▶ **Assignment**:
Repeat the data below exactly, dropping any pictures it holds.

==== Supplied data ====

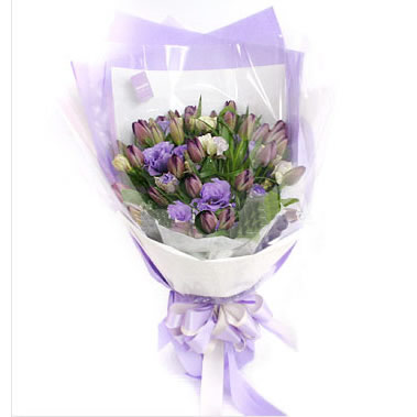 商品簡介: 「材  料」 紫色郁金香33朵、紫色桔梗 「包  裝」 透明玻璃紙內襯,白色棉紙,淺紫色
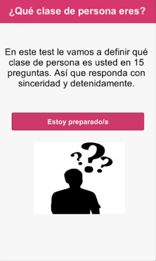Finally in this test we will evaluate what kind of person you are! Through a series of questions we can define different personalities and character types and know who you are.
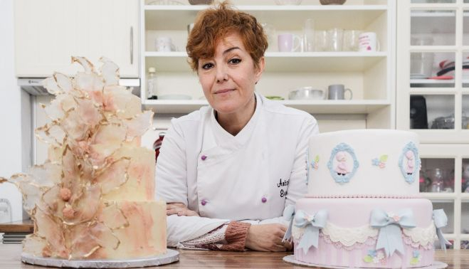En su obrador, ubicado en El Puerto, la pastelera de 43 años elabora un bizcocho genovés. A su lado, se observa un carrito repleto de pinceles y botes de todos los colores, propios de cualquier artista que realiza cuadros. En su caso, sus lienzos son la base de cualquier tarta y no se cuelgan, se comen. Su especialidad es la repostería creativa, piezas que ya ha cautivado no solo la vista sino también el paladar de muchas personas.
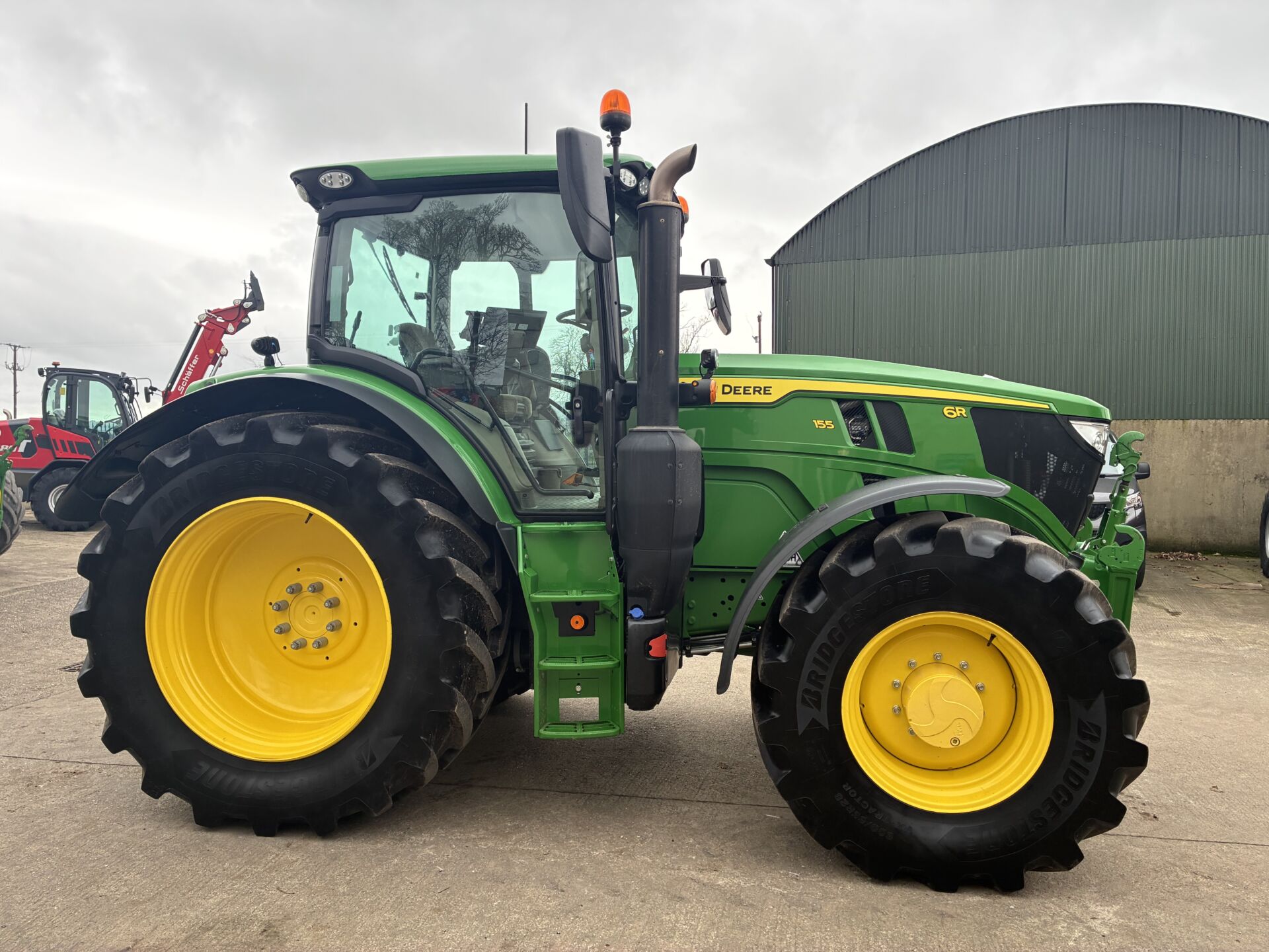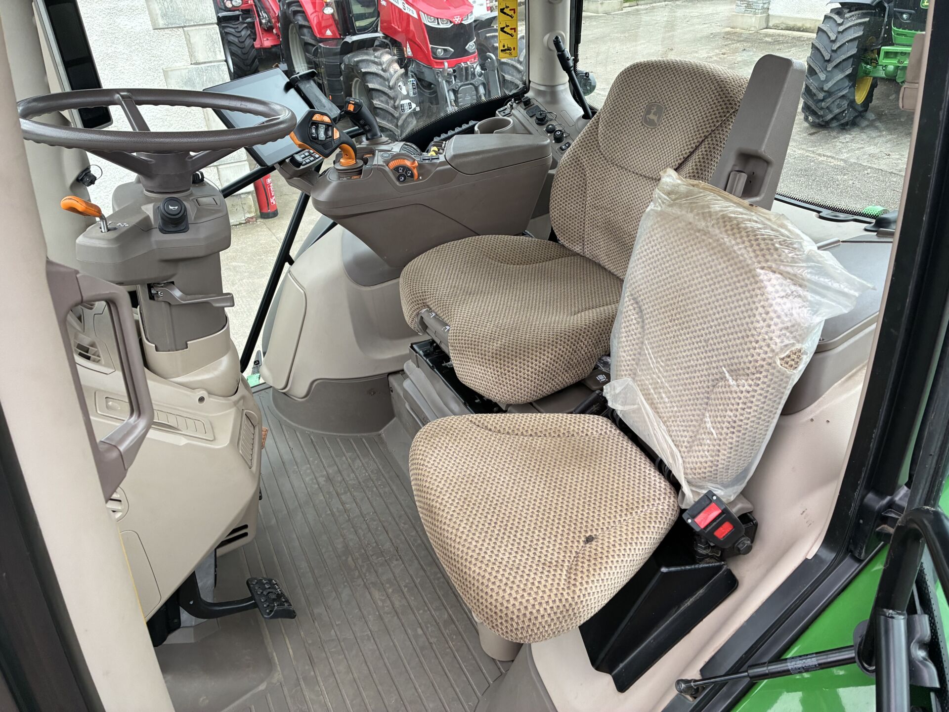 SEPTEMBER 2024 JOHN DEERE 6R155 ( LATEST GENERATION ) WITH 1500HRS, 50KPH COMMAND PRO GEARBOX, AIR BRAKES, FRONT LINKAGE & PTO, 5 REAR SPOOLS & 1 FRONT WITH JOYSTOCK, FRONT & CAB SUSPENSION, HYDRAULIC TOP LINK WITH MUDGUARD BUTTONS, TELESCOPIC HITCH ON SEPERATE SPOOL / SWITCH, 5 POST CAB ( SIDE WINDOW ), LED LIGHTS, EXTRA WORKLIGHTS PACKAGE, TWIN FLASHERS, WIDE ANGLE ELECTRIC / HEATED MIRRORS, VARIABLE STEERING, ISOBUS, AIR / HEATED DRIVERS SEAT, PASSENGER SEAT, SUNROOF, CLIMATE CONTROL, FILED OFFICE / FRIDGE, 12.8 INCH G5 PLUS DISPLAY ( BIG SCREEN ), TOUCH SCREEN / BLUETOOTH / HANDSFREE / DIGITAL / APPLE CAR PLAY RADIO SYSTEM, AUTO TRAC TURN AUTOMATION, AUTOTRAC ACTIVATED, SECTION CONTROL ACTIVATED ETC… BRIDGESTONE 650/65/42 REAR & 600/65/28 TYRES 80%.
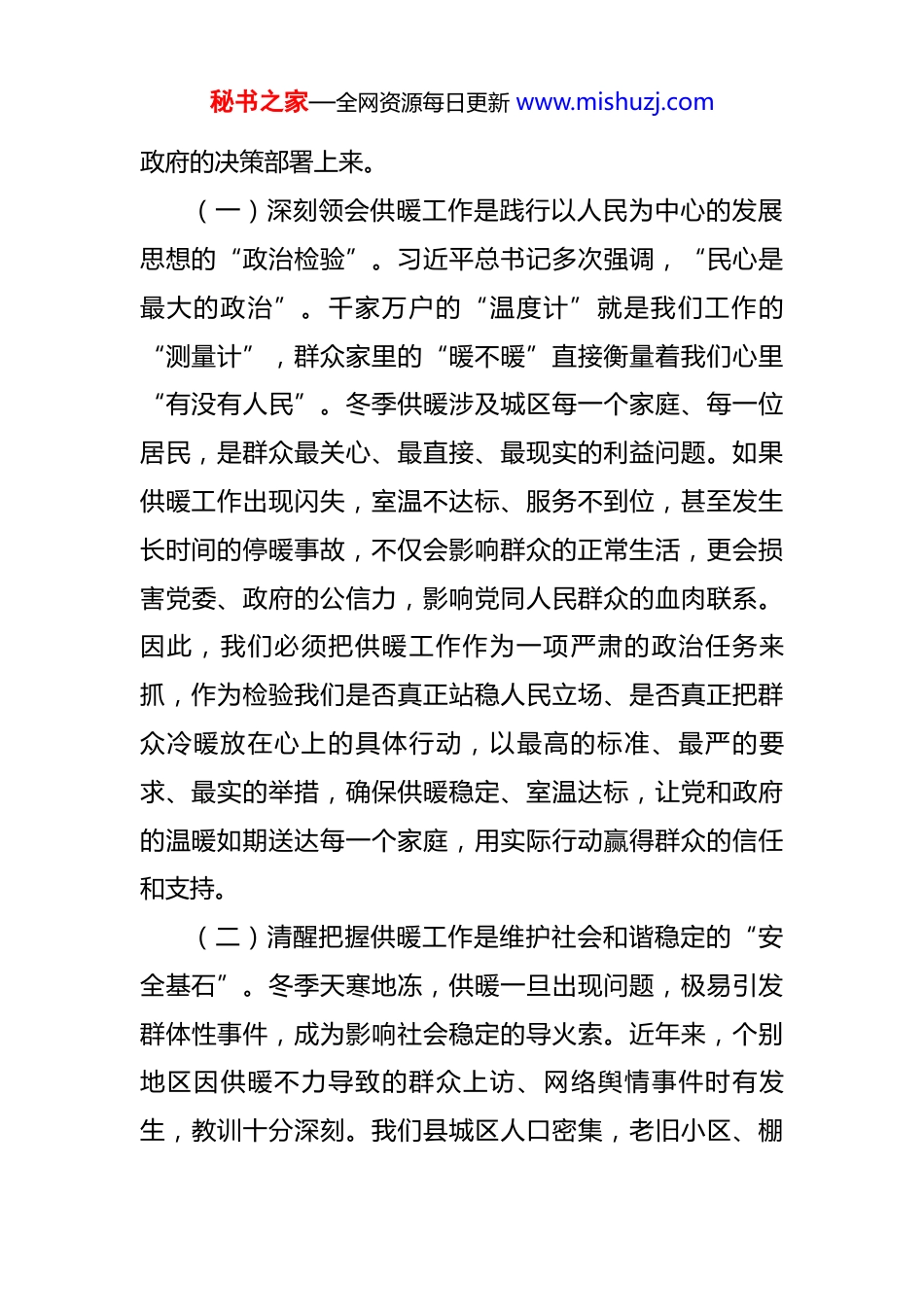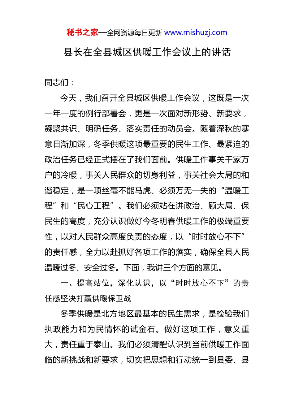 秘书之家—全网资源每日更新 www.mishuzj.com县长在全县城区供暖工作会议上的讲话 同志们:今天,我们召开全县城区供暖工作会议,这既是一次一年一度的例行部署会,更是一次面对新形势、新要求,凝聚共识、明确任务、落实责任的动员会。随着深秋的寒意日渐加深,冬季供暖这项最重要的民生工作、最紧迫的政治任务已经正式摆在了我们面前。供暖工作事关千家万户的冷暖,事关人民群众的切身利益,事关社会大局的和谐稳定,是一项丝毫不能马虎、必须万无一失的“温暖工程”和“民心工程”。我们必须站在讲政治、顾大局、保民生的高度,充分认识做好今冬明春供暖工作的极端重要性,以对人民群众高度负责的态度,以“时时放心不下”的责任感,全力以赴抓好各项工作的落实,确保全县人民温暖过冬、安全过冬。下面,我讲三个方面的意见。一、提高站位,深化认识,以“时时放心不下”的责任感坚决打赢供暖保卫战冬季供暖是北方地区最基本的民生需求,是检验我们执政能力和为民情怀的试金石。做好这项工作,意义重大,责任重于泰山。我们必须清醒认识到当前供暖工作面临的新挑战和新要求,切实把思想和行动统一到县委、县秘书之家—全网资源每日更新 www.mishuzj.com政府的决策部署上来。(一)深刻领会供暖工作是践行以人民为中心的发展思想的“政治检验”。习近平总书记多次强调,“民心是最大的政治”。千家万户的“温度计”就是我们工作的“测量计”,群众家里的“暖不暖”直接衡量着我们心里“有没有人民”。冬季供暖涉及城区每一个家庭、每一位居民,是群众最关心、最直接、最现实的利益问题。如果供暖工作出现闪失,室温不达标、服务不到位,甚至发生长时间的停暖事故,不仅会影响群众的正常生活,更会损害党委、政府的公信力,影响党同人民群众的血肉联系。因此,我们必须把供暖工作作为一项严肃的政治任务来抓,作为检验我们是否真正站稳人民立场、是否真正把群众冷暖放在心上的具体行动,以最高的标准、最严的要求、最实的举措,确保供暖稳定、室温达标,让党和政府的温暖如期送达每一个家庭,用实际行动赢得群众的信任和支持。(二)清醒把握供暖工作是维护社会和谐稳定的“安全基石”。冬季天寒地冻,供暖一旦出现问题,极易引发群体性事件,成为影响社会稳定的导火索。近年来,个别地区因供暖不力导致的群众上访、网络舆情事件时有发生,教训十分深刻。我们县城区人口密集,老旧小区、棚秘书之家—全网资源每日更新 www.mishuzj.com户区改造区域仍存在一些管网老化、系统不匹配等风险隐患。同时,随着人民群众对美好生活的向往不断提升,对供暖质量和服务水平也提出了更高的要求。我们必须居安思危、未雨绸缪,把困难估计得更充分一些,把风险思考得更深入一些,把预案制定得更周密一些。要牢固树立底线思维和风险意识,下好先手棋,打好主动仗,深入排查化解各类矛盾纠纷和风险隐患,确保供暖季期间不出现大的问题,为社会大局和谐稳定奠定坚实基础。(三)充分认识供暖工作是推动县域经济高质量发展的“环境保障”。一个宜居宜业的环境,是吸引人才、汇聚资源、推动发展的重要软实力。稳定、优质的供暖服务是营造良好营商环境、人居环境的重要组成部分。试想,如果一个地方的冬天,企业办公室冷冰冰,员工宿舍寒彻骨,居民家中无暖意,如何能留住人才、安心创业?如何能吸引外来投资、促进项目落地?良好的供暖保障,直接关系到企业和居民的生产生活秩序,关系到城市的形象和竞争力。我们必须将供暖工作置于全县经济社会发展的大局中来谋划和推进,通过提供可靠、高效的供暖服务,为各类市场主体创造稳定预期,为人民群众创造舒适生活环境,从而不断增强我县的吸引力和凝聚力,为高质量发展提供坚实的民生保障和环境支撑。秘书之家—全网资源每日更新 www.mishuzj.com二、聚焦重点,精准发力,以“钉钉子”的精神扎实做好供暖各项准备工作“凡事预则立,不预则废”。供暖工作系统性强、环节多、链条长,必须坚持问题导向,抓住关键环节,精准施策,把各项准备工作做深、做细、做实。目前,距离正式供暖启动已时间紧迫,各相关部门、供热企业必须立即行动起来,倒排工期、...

====

▶ **Task solution**:
 商品簡介: 「材  料」 紫色郁金香33朵、紫色桔梗 「包  裝」 透明玻璃紙內襯,白色棉紙,淺紫色
Finally in this test we will evaluate what kind of person you are! Through a series of questions we can define different personalities and character types and know who you are.
En su obrador, ubicado en El Puerto, la pastelera de 43 años elabora un bizcocho genovés. A su lado, se observa un carrito repleto de pinceles y botes de todos los colores, propios de cualquier artista que realiza cuadros. En su caso, sus lienzos son la base de cualquier tarta y no se cuelgan, se comen. Su especialidad es la repostería creativa, piezas que ya ha cautivado no solo la vista sino también el paladar de muchas personas.
 SEPTEMBER 2024 JOHN DEERE 6R155 ( LATEST GENERATION ) WITH 1500HRS, 50KPH COMMAND PRO GEARBOX, AIR BRAKES, FRONT LINKAGE & PTO, 5 REAR SPOOLS & 1 FRONT WITH JOYSTOCK, FRONT & CAB SUSPENSION, HYDRAULIC TOP LINK WITH MUDGUARD BUTTONS, TELESCOPIC HITCH ON SEPERATE SPOOL / SWITCH, 5 POST CAB ( SIDE WINDOW ), LED LIGHTS, EXTRA WORKLIGHTS PACKAGE, TWIN FLASHERS, WIDE ANGLE ELECTRIC / HEATED MIRRORS, VARIABLE STEERING, ISOBUS, AIR / HEATED DRIVERS SEAT, PASSENGER SEAT, SUNROOF, CLIMATE CONTROL, FILED OFFICE / FRIDGE, 12.8 INCH G5 PLUS DISPLAY ( BIG SCREEN ), TOUCH SCREEN / BLUETOOTH / HANDSFREE / DIGITAL / APPLE CAR PLAY RADIO SYSTEM, AUTO TRAC TURN AUTOMATION, AUTOTRAC ACTIVATED, SECTION CONTROL ACTIVATED ETC… BRIDGESTONE 650/65/42 REAR & 600/65/28 TYRES 80%.
 秘书之家—全网资源每日更新 www.mishuzj.com县长在全县城区供暖工作会议上的讲话 同志们:今天,我们召开全县城区供暖工作会议,这既是一次一年一度的例行部署会,更是一次面对新形势、新要求,凝聚共识、明确任务、落实责任的动员会。随着深秋的寒意日渐加深,冬季供暖这项最重要的民生工作、最紧迫的政治任务已经正式摆在了我们面前。供暖工作事关千家万户的冷暖,事关人民群众的切身利益,事关社会大局的和谐稳定,是一项丝毫不能马虎、必须万无一失的“温暖工程”和“民心工程”。我们必须站在讲政治、顾大局、保民生的高度,充分认识做好今冬明春供暖工作的极端重要性,以对人民群众高度负责的态度,以“时时放心不下”的责任感,全力以赴抓好各项工作的落实,确保全县人民温暖过冬、安全过冬。下面,我讲三个方面的意见。一、提高站位,深化认识,以“时时放心不下”的责任感坚决打赢供暖保卫战冬季供暖是北方地区最基本的民生需求,是检验我们执政能力和为民情怀的试金石。做好这项工作,意义重大,责任重于泰山。我们必须清醒认识到当前供暖工作面临的新挑战和新要求,切实把思想和行动统一到县委、县秘书之家—全网资源每日更新 www.mishuzj.com政府的决策部署上来。(一)深刻领会供暖工作是践行以人民为中心的发展思想的“政治检验”。习近平总书记多次强调,“民心是最大的政治”。千家万户的“温度计”就是我们工作的“测量计”,群众家里的“暖不暖”直接衡量着我们心里“有没有人民”。冬季供暖涉及城区每一个家庭、每一位居民,是群众最关心、最直接、最现实的利益问题。如果供暖工作出现闪失,室温不达标、服务不到位,甚至发生长时间的停暖事故,不仅会影响群众的正常生活,更会损害党委、政府的公信力,影响党同人民群众的血肉联系。因此,我们必须把供暖工作作为一项严肃的政治任务来抓,作为检验我们是否真正站稳人民立场、是否真正把群众冷暖放在心上的具体行动,以最高的标准、最严的要求、最实的举措,确保供暖稳定、室温达标,让党和政府的温暖如期送达每一个家庭,用实际行动赢得群众的信任和支持。(二)清醒把握供暖工作是维护社会和谐稳定的“安全基石”。冬季天寒地冻,供暖一旦出现问题,极易引发群体性事件,成为影响社会稳定的导火索。近年来,个别地区因供暖不力导致的群众上访、网络舆情事件时有发生,教训十分深刻。我们县城区人口密集,老旧小区、棚秘书之家—全网资源每日更新 www.mishuzj.com户区改造区域仍存在一些管网老化、系统不匹配等风险隐患。同时,随着人民群众对美好生活的向往不断提升,对供暖质量和服务水平也提出了更高的要求。我们必须居安思危、未雨绸缪,把困难估计得更充分一些,把风险思考得更深入一些,把预案制定得更周密一些。要牢固树立底线思维和风险意识,下好先手棋,打好主动仗,深入排查化解各类矛盾纠纷和风险隐患,确保供暖季期间不出现大的问题,为社会大局和谐稳定奠定坚实基础。(三)充分认识供暖工作是推动县域经济高质量发展的“环境保障”。一个宜居宜业的环境,是吸引人才、汇聚资源、推动发展的重要软实力。稳定、优质的供暖服务是营造良好营商环境、人居环境的重要组成部分。试想,如果一个地方的冬天,企业办公室冷冰冰,员工宿舍寒彻骨,居民家中无暖意,如何能留住人才、安心创业?如何能吸引外来投资、促进项目落地?良好的供暖保障,直接关系到企业和居民的生产生活秩序,关系到城市的形象和竞争力。我们必须将供暖工作置于全县经济社会发展的大局中来谋划和推进,通过提供可靠、高效的供暖服务,为各类市场主体创造稳定预期,为人民群众创造舒适生活环境,从而不断增强我县的吸引力和凝聚力,为高质量发展提供坚实的民生保障和环境支撑。秘书之家—全网资源每日更新 www.mishuzj.com二、聚焦重点,精准发力,以“钉钉子”的精神扎实做好供暖各项准备工作“凡事预则立,不预则废”。供暖工作系统性强、环节多、链条长,必须坚持问题导向,抓住关键环节,精准施策,把各项准备工作做深、做细、做实。目前,距离正式供暖启动已时间紧迫,各相关部门、供热企业必须立即行动起来,倒排工期、...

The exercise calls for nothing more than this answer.